First built in the 5th century, St. Simeon's Church has undergone alterations until as recently as 1980, and some find the terracotta and white exterior disappointing in comparison with the other churches. This 17th-century church is best known as the home of the mummified body of St. Simeon, one of Zadar’s patron saints.
The Chest of Saint Simeon is a rectangular cedarwood sarcophagus in the shape of a chasse, overlaid with silver and silver-gilt plaques, said to hold the relics of St Simon the God-receiver; it is located over the main altar in the Church of Saint Simeon.

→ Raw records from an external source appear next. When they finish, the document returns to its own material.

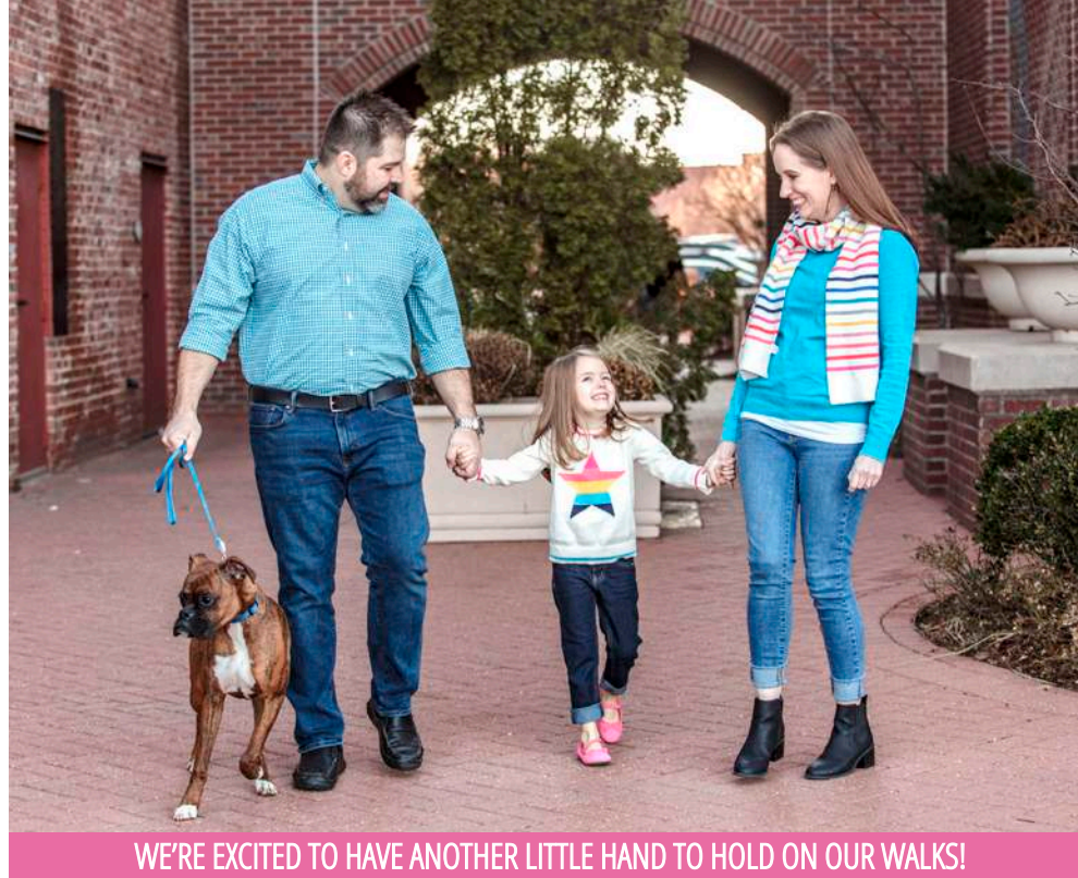
WE'RE EXCITED TO HAVE ANOTHER LITTLE HAND TO HOLD ON OUR WALKS!
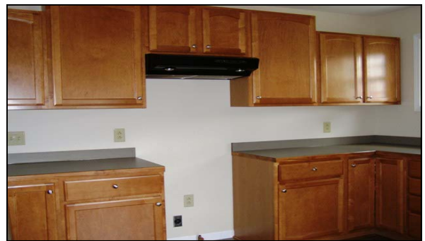
Maple cabinets enhance the open kitchen
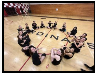
The Lincoln Cardinals took 9 th at the OSAA State Championships
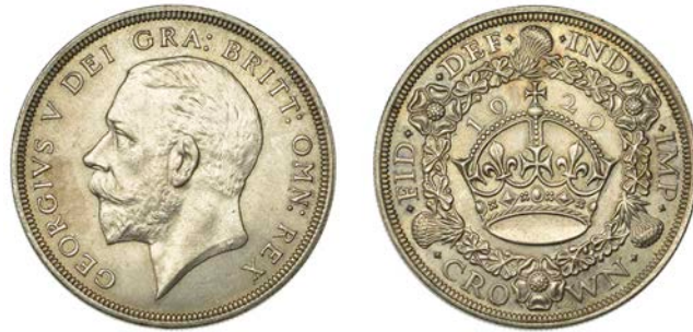
526 Crown, 1929 (ESC 3636; S 4036). Light surface marks, otherwise about extremely fine, toned
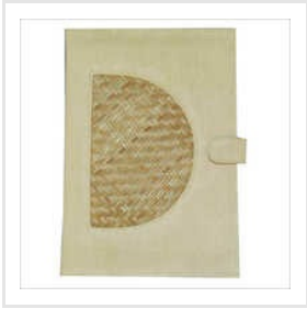
Jute Rectangular File Folder
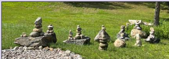
Rock cairns in Henniker.
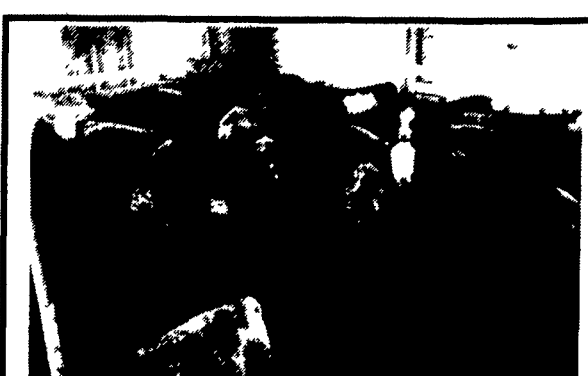
Slatted Beef Barn
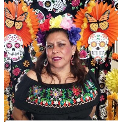
CIS clients in Dobbs Ferry, NY wore traditional dress for the observances, and shared stories of their deceased loved ones.

The clients spoke about the altar and the meaning of the different items. There were pictures of their loved ones on the altar. Special flowers, fruits, bread, sugar skulls and candles were also placed on the altar. Not only do the items have special meaning, but it is also important to have many colors exhibited.
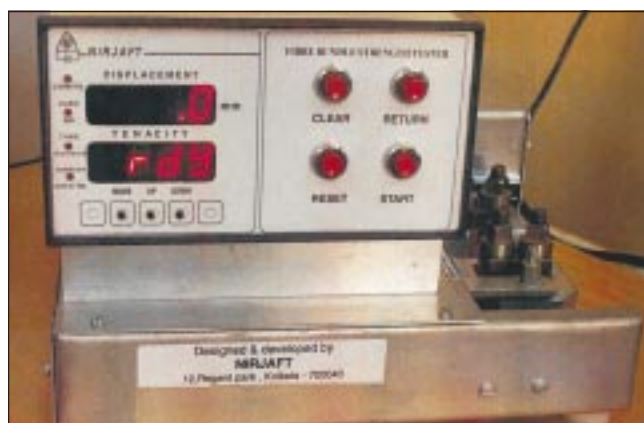
Electronic fibre bundle strength tester is a manually-operated device developed by NIRJAFT

Electronic fibre bundle strength tester: Manually-operated jute fibre bundle strength testing instrument, designed and developed by NIRJAFT has been in use for more than three decades. The instrument results in about 5% error in addition to the human errors involved in operation. The current electronic instrument is a newly developed precision instrument for automatic operation and recording of data digitally which will completely remove the human error. Moreover, as the instrument is totally portable, it can be used in fields as well. The results can be stored automatically in built-in memory of the instrument which can be downloaded in laboratory with PC interface. This instrument is
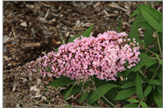
Pink Cascade II Butterfly Bush flowers

Pink Cascade II Butterfly Bush is an open multi-stemmed deciduous shrub with a shapely form and gracefully arching branches. Its average texture blends into the landscape, but can be balanced by one or two finer or coarser trees or shrubs for an effective composition.
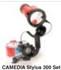
CAMELIA Stylus 300 Set
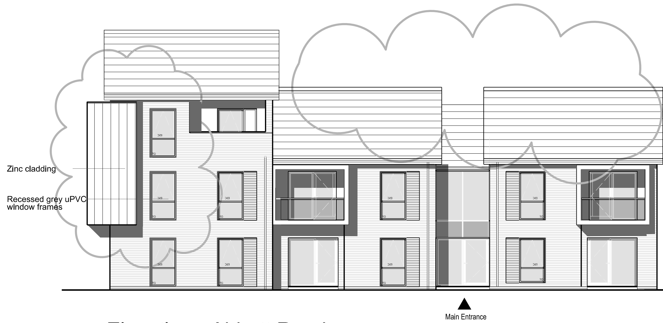
Elevation - Abbott Road
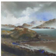
9 Claudio Viscardi MOODS OF BEARA II oil on canvas signed and dated lower left 10 by 9.75in. (25.40 by 24.77cm) €300-€500 (£240-£400 approx)
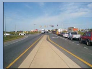
2 US 301 Northbound at SR 299
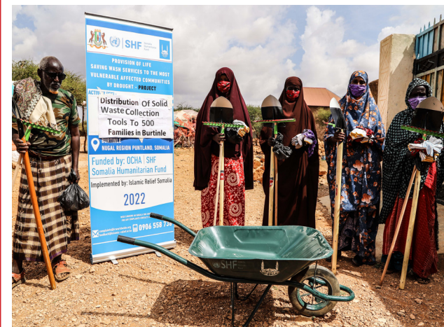
Distribution of solid waste collection tools to 500HHs of Burtinle residents in Puntland, Somalia

The chest, considered a masterpiece of medieval art and also a unique monument of the goldsmith's craft of the age, is one of the most interesting works in gold in Europe now under the protection of UNESCO. It was made by local goldsmiths to an Italian design between 1377 and 1380.

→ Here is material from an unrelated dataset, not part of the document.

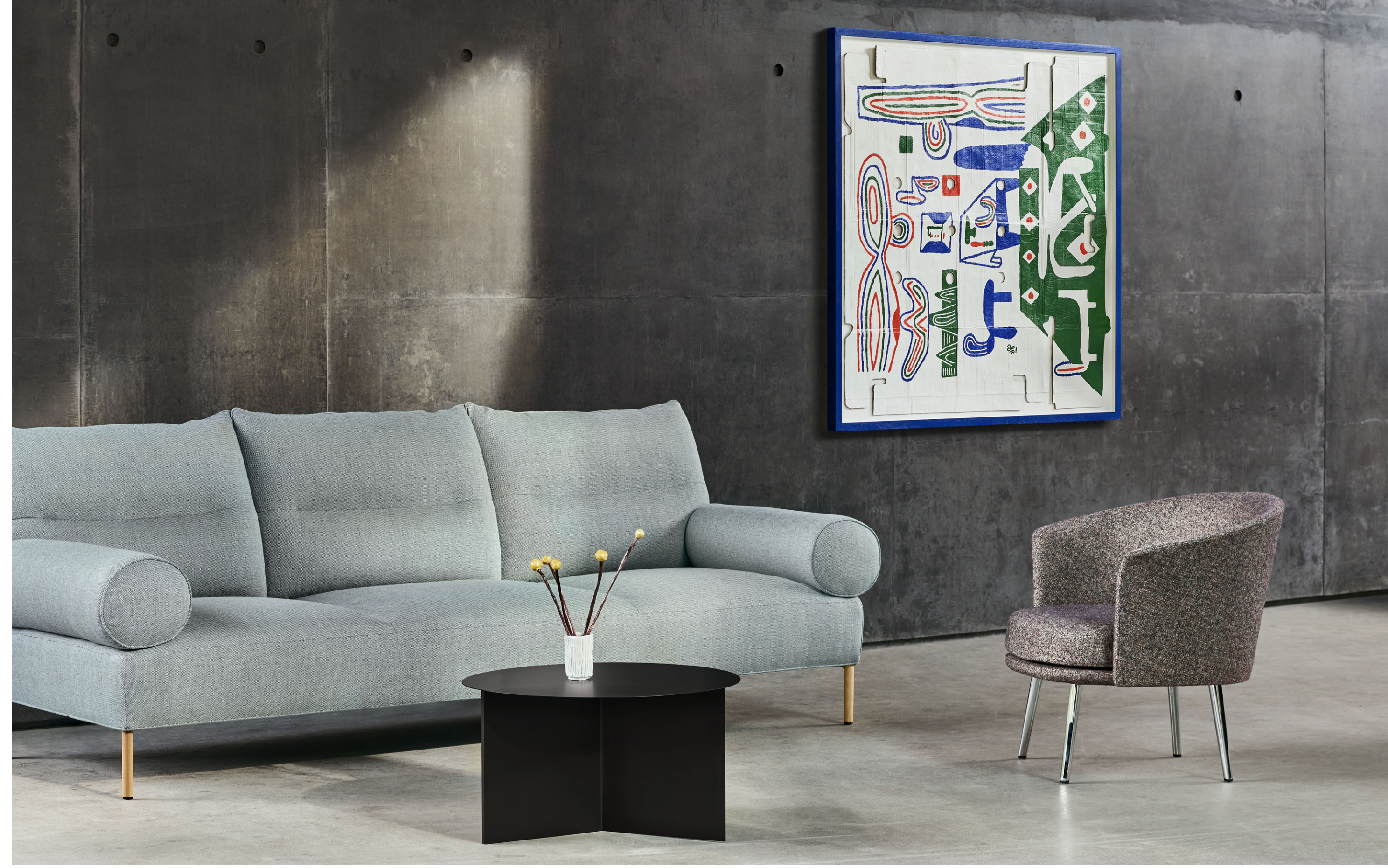
Swarm Multi Colour

The Pilgrimage Church of Wies (Wieskirche) is an oval rococo church, designed in the late 1740s by Dominikus Zimmermann. It is located in the foothills of the Alps in the municipality of Steingaden.

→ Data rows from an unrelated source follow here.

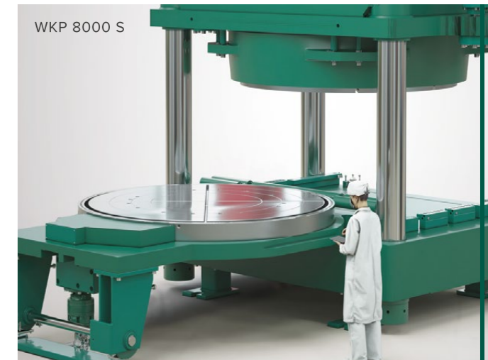
WKP 8000 S
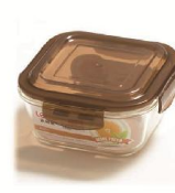
LHB-HSS-800 800ML/0.54KG 160X160X79MM
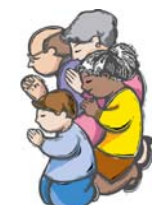
Please Pray For:
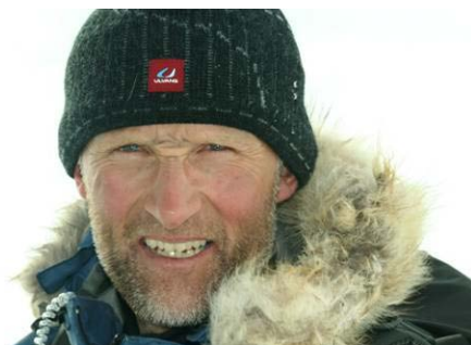
Vegard Ulvang Chairman of the FIS Cross-Country Committee

I wish you all much success on the Tour and look forward to seeing you on top of Alpe Cermis!
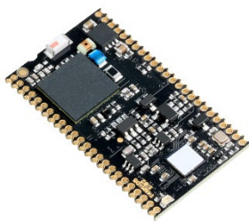
PCB top view
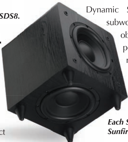
Each SDS Subwoofer features two, custom Sunfire drivers for the most bass in its class.

The latest expression of Sunfire's vision is called the Sunfire Dynamic Series. True to their name, these three all-new subwoofers are both vibrant and forceful, delivering Sunfire's acclaimed blend of powerful bass delivered with both high-resolution and high output. How much bass? Up to 600 Watts of dependable, cool-running Sunfire bass wrapped in the smallest cabinet of any product
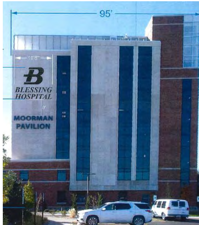
Proposed Illuminated Signs at 1005 Broadway
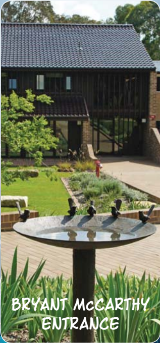
BRYANT MCCARTHY ENTRANCE
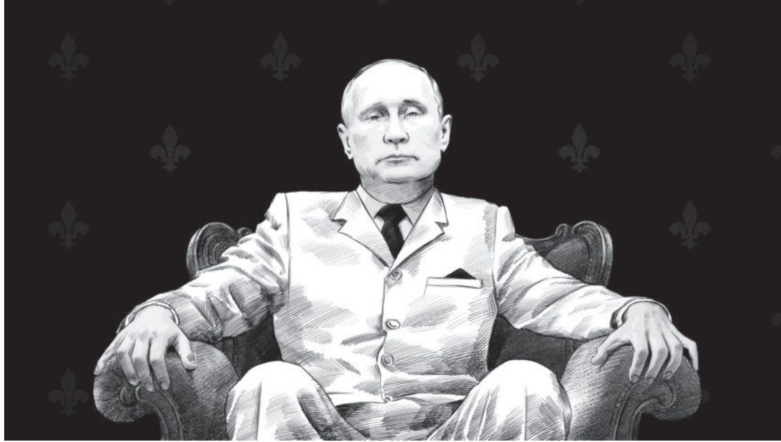
saying about their own country, in Russian.

I just don't understand why English-language commentary (all non-Russian commentary, actually) is so far removed from what patriotic Russians living in Russia are
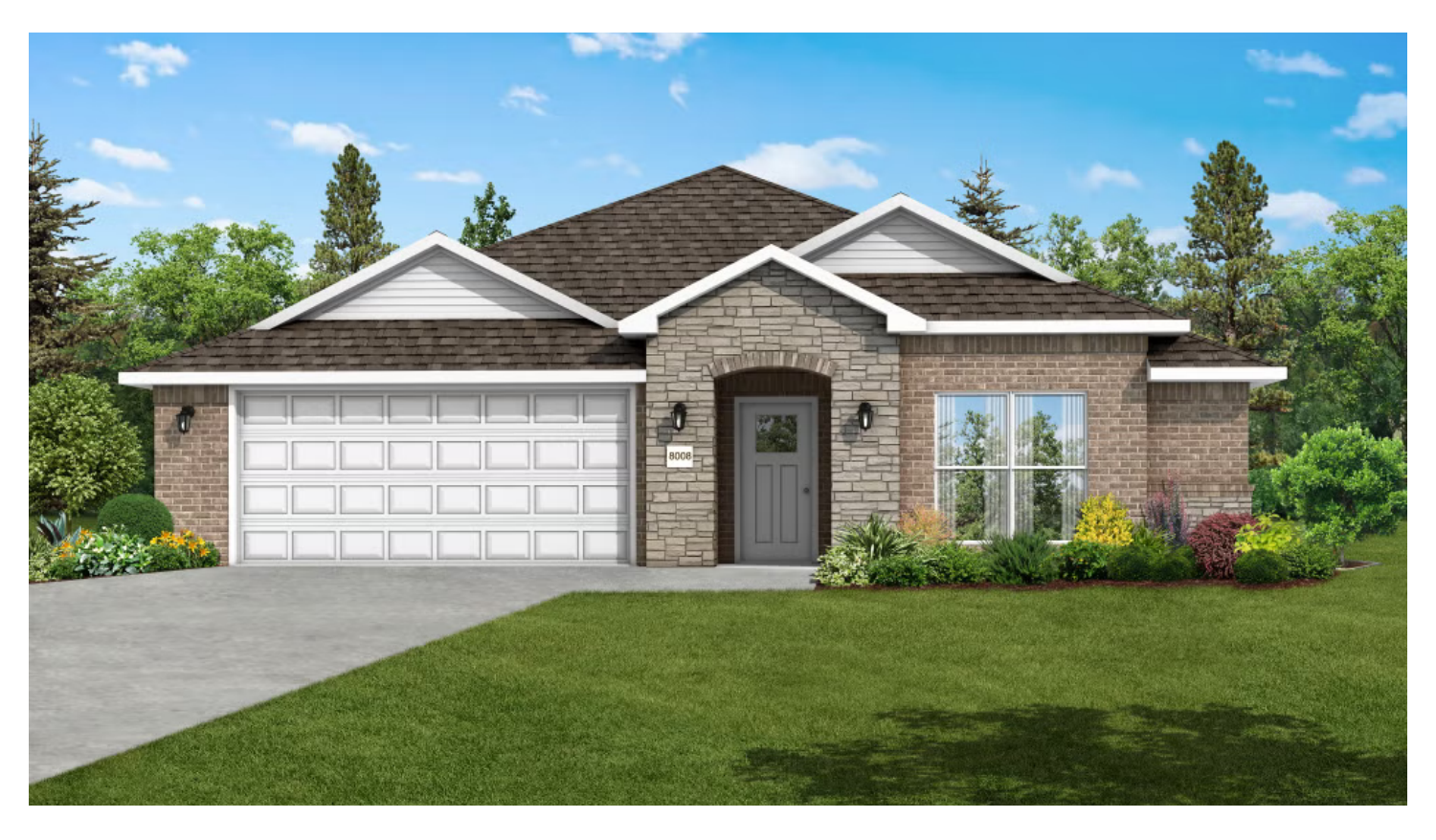
PRICED AT \$377,644 \implies 3 \implies 2.0 \implies 2 \implies 1726 \text{ FT}^2
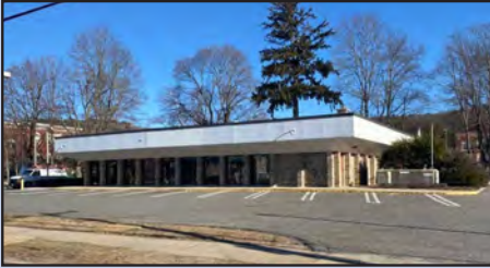
PALMER: For Sale or Lease. Freestanding 3,395 SF former bank building with 24 parking spaces. Ideal for retail, office, or medical. Located on the Route 32 intersection in Palmer center.
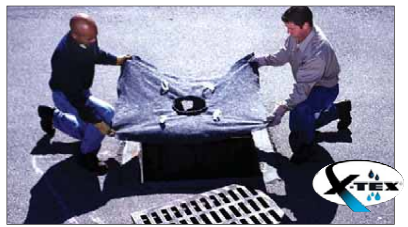
U.S. Patent No. 5,575,925
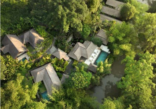
Villa Omecure, 6-Bedrooms

The sanctuary of Wies is a pilgrimage church extraordinarily well-preserved in the beautiful setting of an Alpine valley, and is a perfect masterpiece of Rococo art and creative genius, as well as an exceptional testimony to a civilization that has disappeared.
The hamlet of Wies, in 1738, is said to have been the setting of a miracle in which tears were seen on a simple wooden figure of Christ mounted on a column that was no longer venerated by the Premonstratensian monks of the Abbey. A wooden chapel constructed in the fields housed the miraculous statue for some time. However, pilgrims from Germany, Austria, Bohemia, and even Italy became so numerous that the Abbot of the Premonstratensians of Steingaden decided to construct a splendid sanctuary.